RECORDED DATA
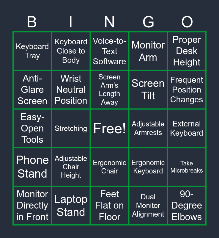 This bingo card has a free space and 46 words: Monitor at Eye Level, 90-Degree Elbows, Chair with Lumbar Support, Feet Flat on Floor, Adjustable Chair Height, Document Holder, Keyboard Close to Body, Mouse at Elbow Height, Anti-Glare Screen, Sit-Stand Desk, Wrist Neutral Position, Monitor Arm, Take Microbreaks, Ergonomic Keyboard, Ergonomic Mouse, Headset, Screen Arm’s Length Away, Adjustable Armrests, Neutral Spine, Proper Desk Height, Stretching, Dual Monitor Alignment, Keyboard Tray, Screen Tilt, Shoulders Relaxed, Frequent Position Changes, Monitor Directly in Front, Neutral Neck Position, Ergonomic Chair, Phone Stand, Chair Mat, Footrest, Lumbar Cushion, Adjustable Desk, Mouse Pad with Wrist Rest, Laptop Stand, External Keyboard, External Mouse, Monitor Riser, Warm Compress Breaks, Cold Pack Relief, Voice-to-Text Software, Easy-Open Tools, Gentle Hand Exercises, Cushion Grip Pens and Padded Gloves.
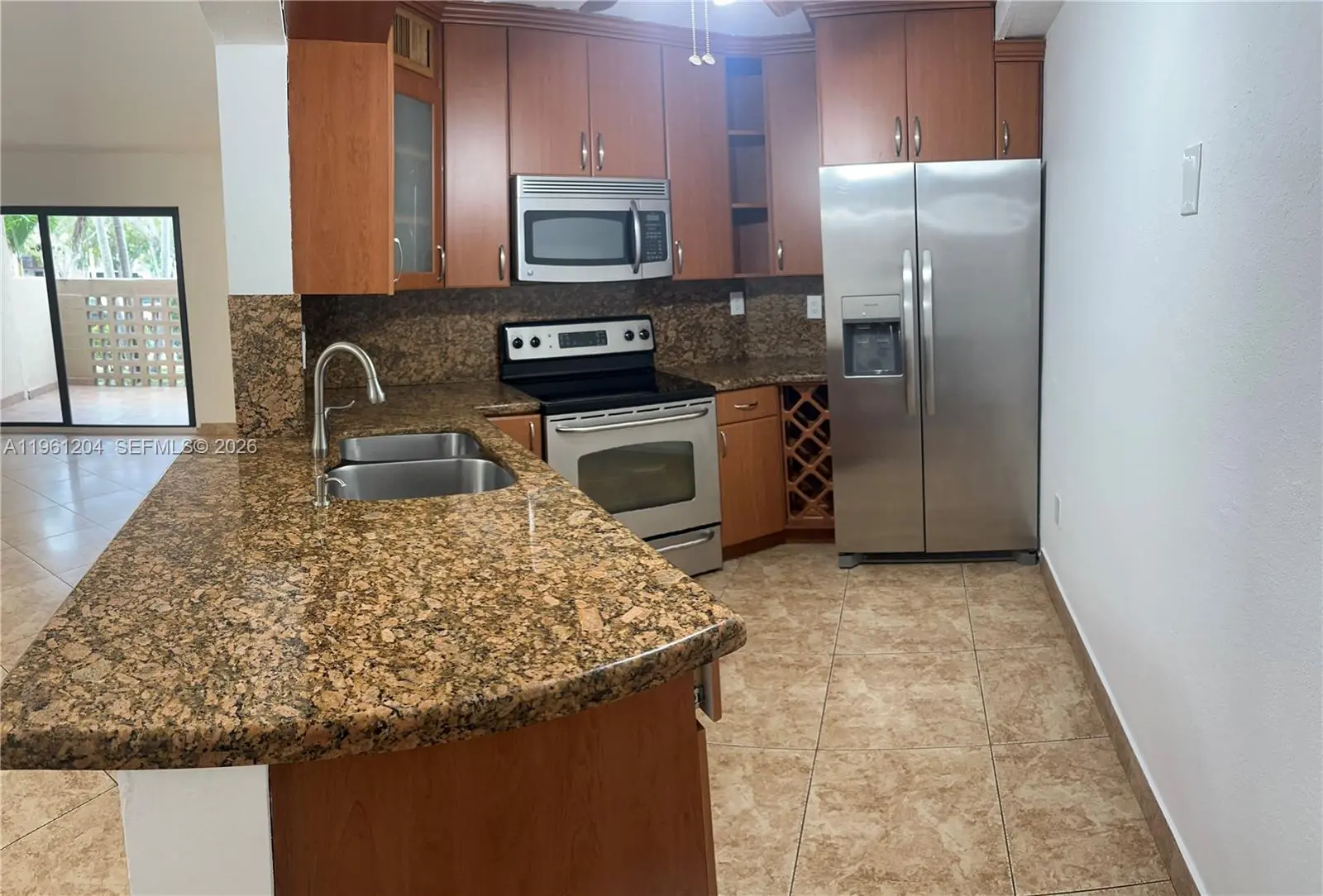 PRIME LOCATION AND COMFORTABLE LIVING: Centrally located near mayor higways, FIU, shopping centers, malls, parks and restaurants. This spacious unit features an open Living and Dining area, a modern kitchen with marble countertops, and a large balcony perfect for relaxing. Primary bedroom with walk-in closeth, in unit laundry with washer and dryer. 1 assigned parking space. Total interior living area: 1.000 sq. ft. Community amenities inckuide swimming pool, tennis court, gated community and 24 hour security.
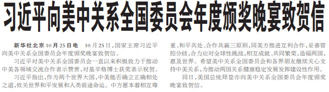 10月25日,国家主席习近平向美中关系全国委员会年度颁奖晚宴致贺信。(今日《人民日报》1版)
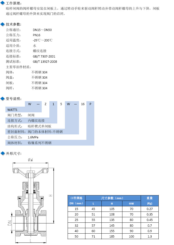 W-Z15W-16P-DN15,W-Z15W-16P-DN20,W-Z15W-16P-DN25,不銹鋼螺紋暗桿閘閥
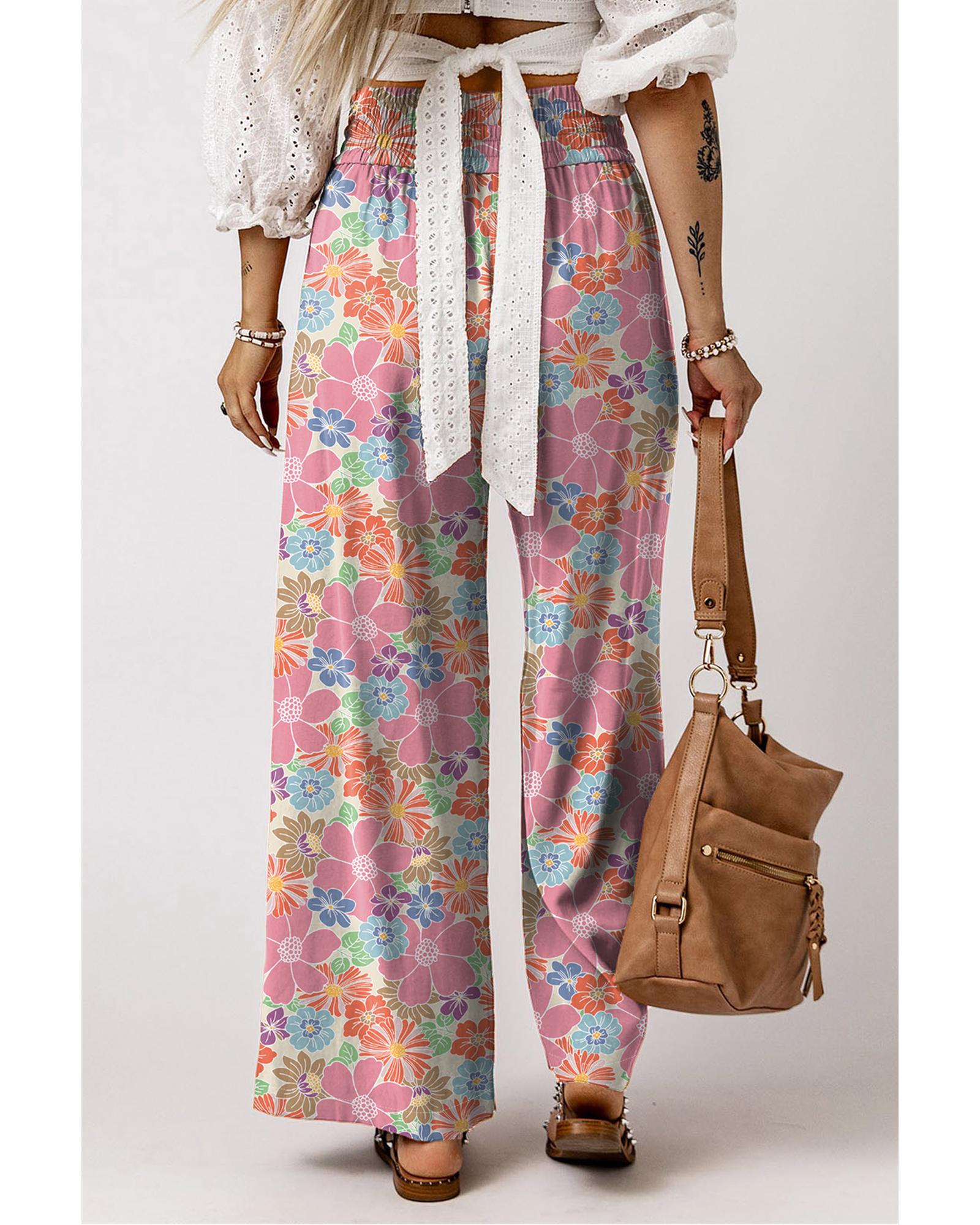 This pair of loose pants features a charming floral print and a comfortable, lightweight fabric. Designed with a trendy fitted look, it offers a flattering silhouette with an elastic smocked waist. Perfect for pairing with solid tops, especially lace blouses, these pants combine style and comfort effortlessly.
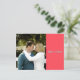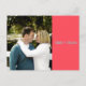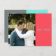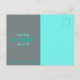 This Save the Date postcard is simply designed with coral, teal, and grey colour blocks. It features an image on the front with names printed over a coral colour block. The details are stated on the back over a grey colour block. Teal and grey colour blocks divide the back, overlayed with teal text.
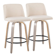 Toriano - Contemporary Fixed Height Counter Stool With Swivel And Round Footrest (Set of 2) - Light Gray / Cream
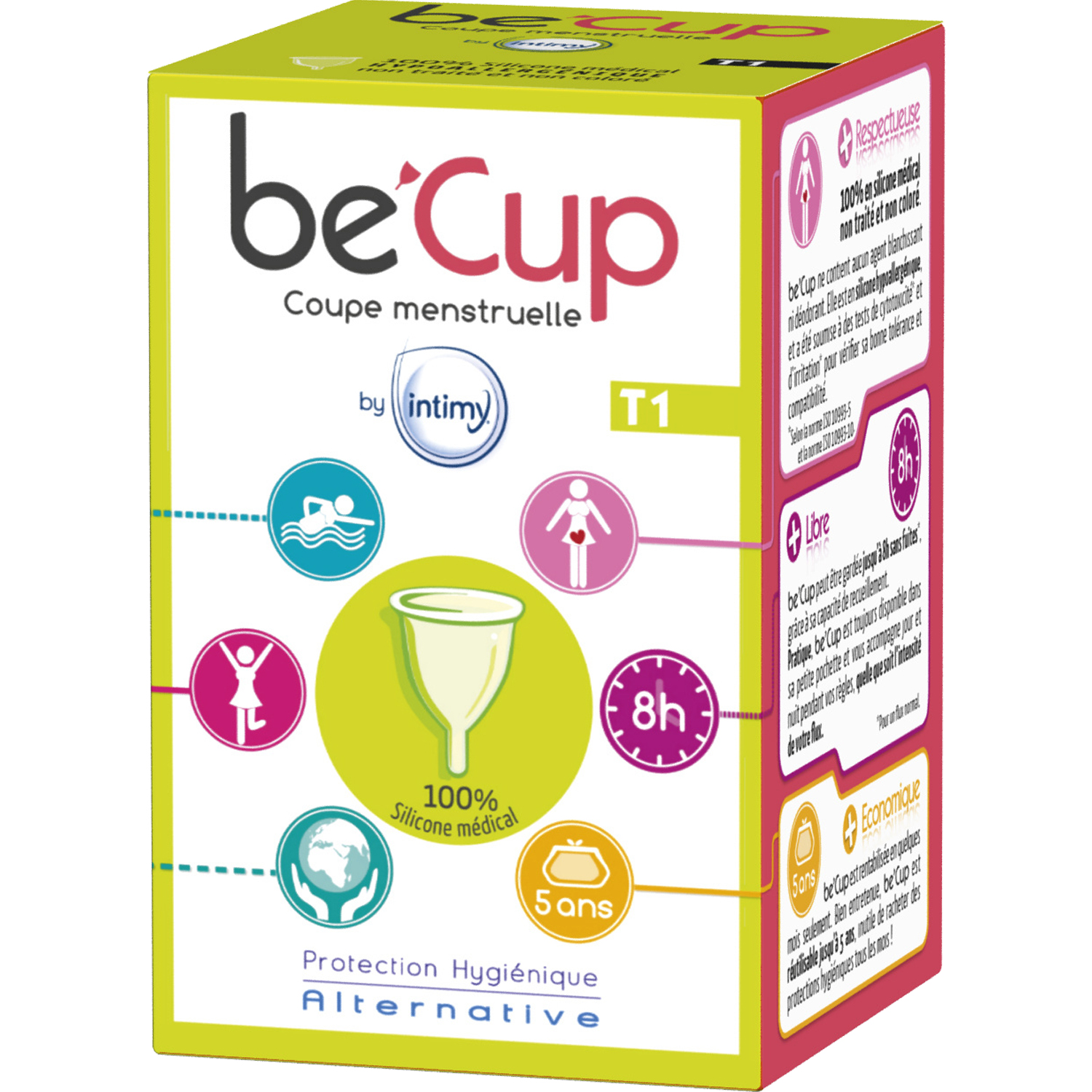 Be’Cup est une protection hygiénique alternative : Elle allie confort d’utilisation et respect de la flore vaginale grâce à une composition 100% en silicone médical hypoallergénique, non traité et non coloré.

WHAT NEEDS TO BE DONE
Could you reproduce the records above exactly, leaving out every picture?

WRITTEN ANSWER
 This bingo card has a free space and 46 words: Monitor at Eye Level, 90-Degree Elbows, Chair with Lumbar Support, Feet Flat on Floor, Adjustable Chair Height, Document Holder, Keyboard Close to Body, Mouse at Elbow Height, Anti-Glare Screen, Sit-Stand Desk, Wrist Neutral Position, Monitor Arm, Take Microbreaks, Ergonomic Keyboard, Ergonomic Mouse, Headset, Screen Arm’s Length Away, Adjustable Armrests, Neutral Spine, Proper Desk Height, Stretching, Dual Monitor Alignment, Keyboard Tray, Screen Tilt, Shoulders Relaxed, Frequent Position Changes, Monitor Directly in Front, Neutral Neck Position, Ergonomic Chair, Phone Stand, Chair Mat, Footrest, Lumbar Cushion, Adjustable Desk, Mouse Pad with Wrist Rest, Laptop Stand, External Keyboard, External Mouse, Monitor Riser, Warm Compress Breaks, Cold Pack Relief, Voice-to-Text Software, Easy-Open Tools, Gentle Hand Exercises, Cushion Grip Pens and Padded Gloves.
 PRIME LOCATION AND COMFORTABLE LIVING: Centrally located near mayor higways, FIU, shopping centers, malls, parks and restaurants. This spacious unit features an open Living and Dining area, a modern kitchen with marble countertops, and a large balcony perfect for relaxing. Primary bedroom with walk-in closeth, in unit laundry with washer and dryer. 1 assigned parking space. Total interior living area: 1.000 sq. ft. Community amenities inckuide swimming pool, tennis court, gated community and 24 hour security.
 10月25日,国家主席习近平向美中关系全国委员会年度颁奖晚宴致贺信。(今日《人民日报》1版)
 W-Z15W-16P-DN15,W-Z15W-16P-DN20,W-Z15W-16P-DN25,不銹鋼螺紋暗桿閘閥
 This pair of loose pants features a charming floral print and a comfortable, lightweight fabric. Designed with a trendy fitted look, it offers a flattering silhouette with an elastic smocked waist. Perfect for pairing with solid tops, especially lace blouses, these pants combine style and comfort effortlessly.
 This Save the Date postcard is simply designed with coral, teal, and grey colour blocks. It features an image on the front with names printed over a coral colour block. The details are stated on the back over a grey colour block. Teal and grey colour blocks divide the back, overlayed with teal text.
 Toriano - Contemporary Fixed Height Counter Stool With Swivel And Round Footrest (Set of 2) - Light Gray / Cream
 Be’Cup est une protection hygiénique alternative : Elle allie confort d’utilisation et respect de la flore vaginale grâce à une composition 100% en silicone médical hypoallergénique, non traité et non coloré.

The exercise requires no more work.